Up to that point - it is a fringe of palms, stiff against the sky - the
impetus of home memories and the echo of home interests carry the young
man along very comfortably on his first journey. But at Suez one must
face things. People, generally the most sympathetic, leave the boat
there; the older men who are going on have discovered each other and
begun to talk shop; no newspapers come aboard, only clipped Reuter
telegrams; the world seems cruelly large and self-absorbed. One goes for
a walk and finds this little bit of kept ground, with comfortable
garden-gated houses on either side of the path. Then one begins to
wonder - in the twilight, for choice - when one will see those palms again
from the other side. Then the black hour of homesickness, vain regrets,
foolish promises, and weak despair shuts down with the smell of strange
earth and the cadence of strange tongues.
Cross-roads and halting-places in the desert are always favoured by
djinns and afrits. The young man will find them waiting for him in the
Canal Company's garden at Port Said.
On the other hand, if he is fortunate enough to have won the East by
inheritance, as there are families who served her for five or six
generations, he will meet no ghouls in that garden, but a free and a
friendly and an ample welcome from good spirits of the East that awaits
him.
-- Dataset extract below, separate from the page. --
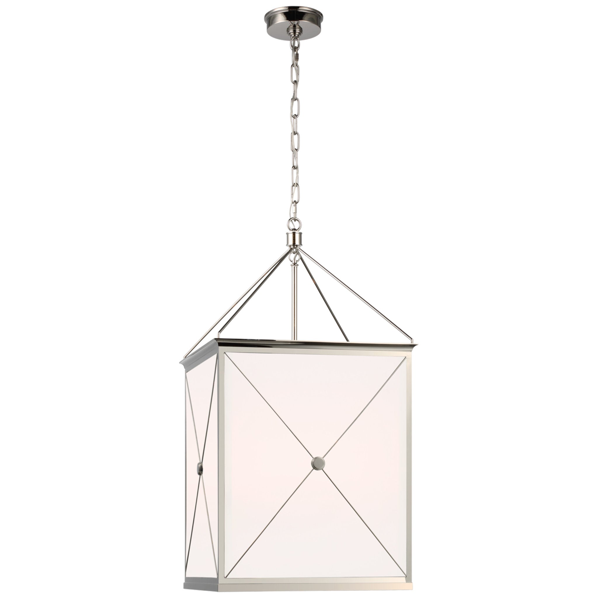 Julie Neill Rossi Medium Lantern in Polished Nickel with White Glass Ceiling Light W18" x H33.5"
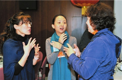 全國(guó)政協(xié)委員邰麗華在助理幫助下與朋友暢談

The voices of the gardeners and the watchmen will be as the
greetings of his father's servants in his father's house; the evening
smells and the sight of the hibiscus and poinsettia will unlock his
tongue in words and sentences that he thought he had clean forgotten,
and he will go back to the ship (I have seen) as a prince entering on
his kingdom.
There was a man in our company - a young Englishman - who had just been
granted his heart's desire in the shape of some raw district south of
everything southerly in the Sudan, where, on two-thirds of a member of
Parliament's wage, under conditions of life that would horrify a
self-respecting operative, he will see perhaps some dozen white men in a
year, and will certainly pick up two sorts of fever. He had been moved
to work very hard for this billet by the representations of a friend in
the same service, who said that it was a 'rather decent sort of
service,' and he was all of a heat to reach Khartum, report for duty,
and fall to. If he is lucky, he may get a district where the people are
so virtuous that they do not know how to wear any clothes at all, and so
ignorant that they have never yet come across strong drink.